Next, the photosensitive epoxy resin layer is exposed through a photomask (not shown) formed with a nozzle pattern and is then patterned by a micro-punching or lithography process. As a result, a chamber/nozzle plate 9′ formed with nozzles 7′ is formed as shown in FIG. 2C.

After the chamber/nozzle plate 9′ is formed, a part of the wafer 1formed with the preliminary first ink feeding passage 2′ in the rear side thereof is removed, thereby forming the first ink feeding passage 2.

Next, if the photoresist mold 3′ is dissolved by a solvent, the ink chamber 4 and the second ink feeding passage 3 are formed and the fabrication of the print head 10′ is terminated, as shown in FIGS. 2D and 2E.

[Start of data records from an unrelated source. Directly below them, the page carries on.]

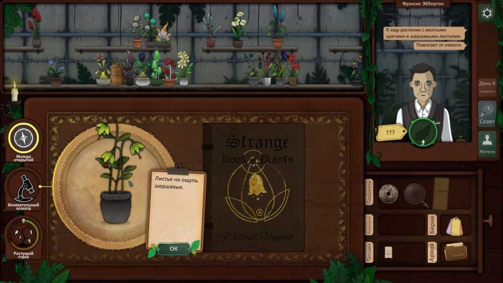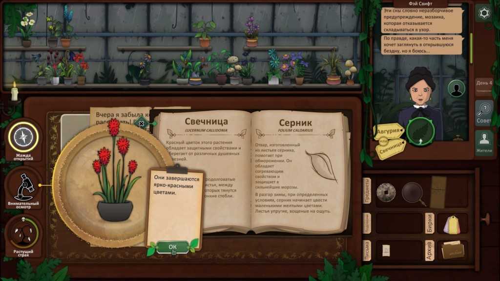 Четвертая глава, как и вторая, состоит из небольших частей. В первой мы знакомимся с После разговора с Итвордом у вас появляется задание — найти воду и ягоды. Проходим несколько комнат с простыми задачками и приходим к насосу. Здесь нужно установить рычаги в правильном порядке и с помощью спичек поджечь газ. Далее смешиваем топливо с помощью подсказки на экране. После этого к нам подходит новый друг и зовет за собой. Соглашаемся идти в комнату с кроликом.
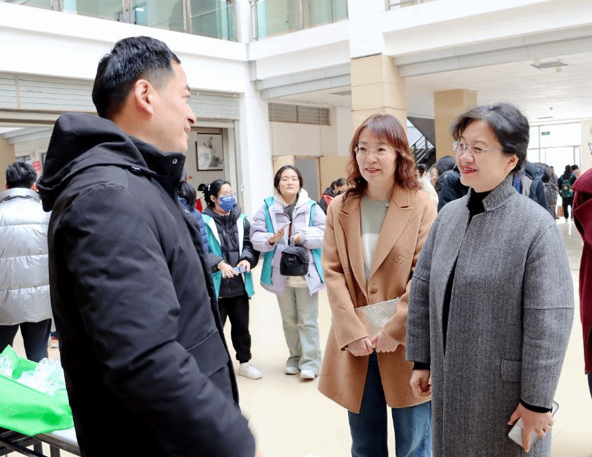 近日,学校访企拓岗促就业专项行动暨外语类专场校园招聘会在博文楼大厅顺利举办。校长李光红带领招就处、外国语学院相关负责人深入活动现场,与参与单位及学生开展深入交流。
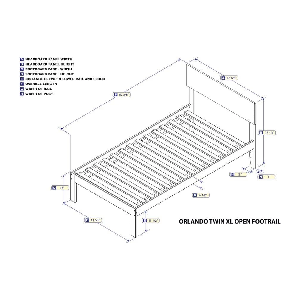 Orlando Walnut Twin XL Platform Bed with Open Foot Board by AFI
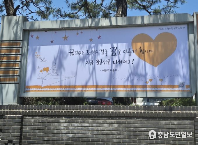(충남도민일보 / TV / 안희진기자) 수원시가 2024년 수원희망글판 여름편 문안 ‘끊임없는 도전은 결국 꿈을 이루게 합니다. 지금 최선을 다하세요!’를 8월까지 수원시 곳곳에 있는 게시대와 수원시 공식 유튜브 채널에 게시한다. 수원FC 이승우 선수의 메시지다.
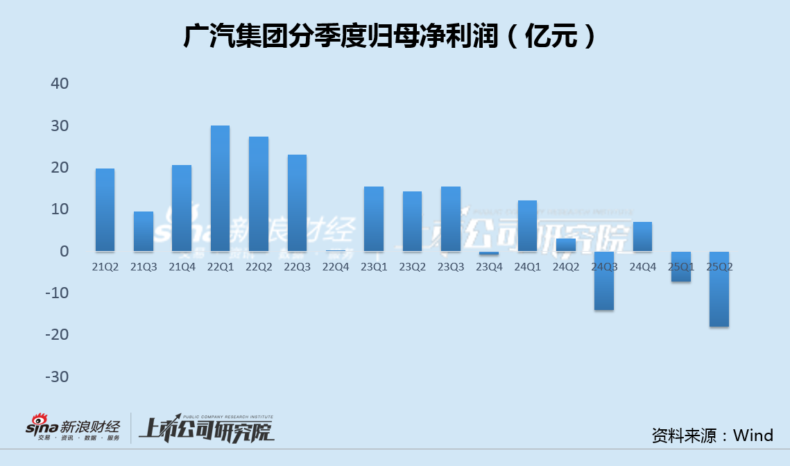 分季度来看,广汽集团第二季度营业总收入为227.3 亿元,同比下降7.9%,归母净利润-18.7亿,相较于2024年同期的3.0亿元以及2025年一季度的-7.3亿元,同环比均呈现加速下滑之势,单季度和半年度的亏损额也都创下了公司历史新高。
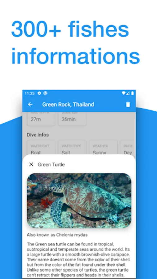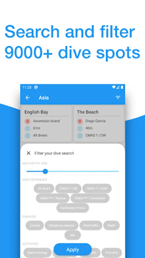 Diverr makes you able to explore dive spots all around the world, with advanced filtering. Also mark all the marine life you saw during your dives.
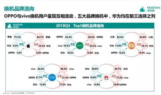苹果在2018年高定价策略相当于给华为等手机品牌创造了一波市场红利,让国产手机在整体市场增长停滞期意外的赢得了一个难得的黄金收割期。比如iPhoneXR把5~6K档以及以下的空间留给了mate20,XS把7~8K以及以下的空间留给了mate20Pro。把4K档以及以下留给了OV小米。根据MobData研究院的数据显示,去年第三季度,有5.2%的男性果粉和10.4%的女性果粉被华为分流。有4.8%的男性果粉和8%的女性果粉被OPPO分流。
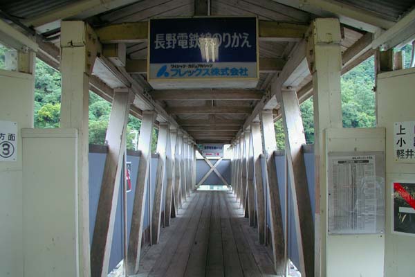跨線橋は、幅の狭い木造トラスに華麗に変身するのです。床板の軋む音を聞きながら 木造の感触を楽しみつつ、屋代線のホームに下りると其処は、期待に違わぬ昭和の
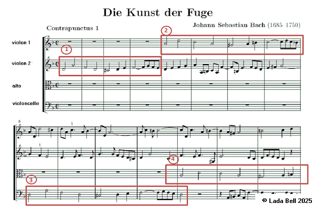Dans l’illustration 1, vous pouvez voir quatre apparitions du thème au début du Contrepoint I de L’Art de la fugue de Bach.

In the method of fabricating the print head 10′ according to the monolithic method, in order to form the preliminary first ink passage 2′ and the first ink passage 2, widely used are a wet etching method that chemically etches the wafer 1, a dry etching method, such as reactive ion etching or deep reactive ion etching, that etches a wafer 1 using plasma, and a grit blasting method that etches the wafer 1 by ejecting very fine sands, such as grits, against the wafer 1 at a very rapid velocity.

However, the wet etching method has a disadvantage in that because the wafer 1 is chemically etched, the process time is very long and it is difficult to precisely control a space tolerance when very fine impurities are present on the wafer 1.

The dry etching method using plasma has an advantage in that the process time is relatively short because the etching rate is about 2 to 10 μm/min. However, the dry etching method has a disadvantage in that process costs are high because process equipment is expensive, and it is difficult to control a taper angle of wall surfaces as being etched because the walls are isotropically etched so that an angle of the etched walls approaches about 90°.

In addition, the grit blasting method has a disadvantage in that because the fine sands are used, the sands are apt to cause contamination by entering into a structure of the wafer 1 to construct a micro electromechanical system during the process, the accuracy in this processing is inferior, and a post process of removing the sands is required after the process is completed.

SUMMARY OF THE INVENTION

The present invention has been conceived to solve the above-mentioned and/or other problems occurring in the related art, and a principal aspect of the present invention is to provide a method of fabricating an ink-jet print head, wherein the method comprises a process of forming an ink feeding port of the print head using a liquid-jet guided laser that combines liquid-jet and laser, so as to prevent thermal damage, save process costs and reduce a process time.

Another aspect of the present invention is to provide a method of fabricating an ink-jet print head, wherein the method comprises a process of dicing a wafer formed with one or more print heads using a liquid-jet guided laser so as to prevent thermal damage, save process costs and reduce a process time.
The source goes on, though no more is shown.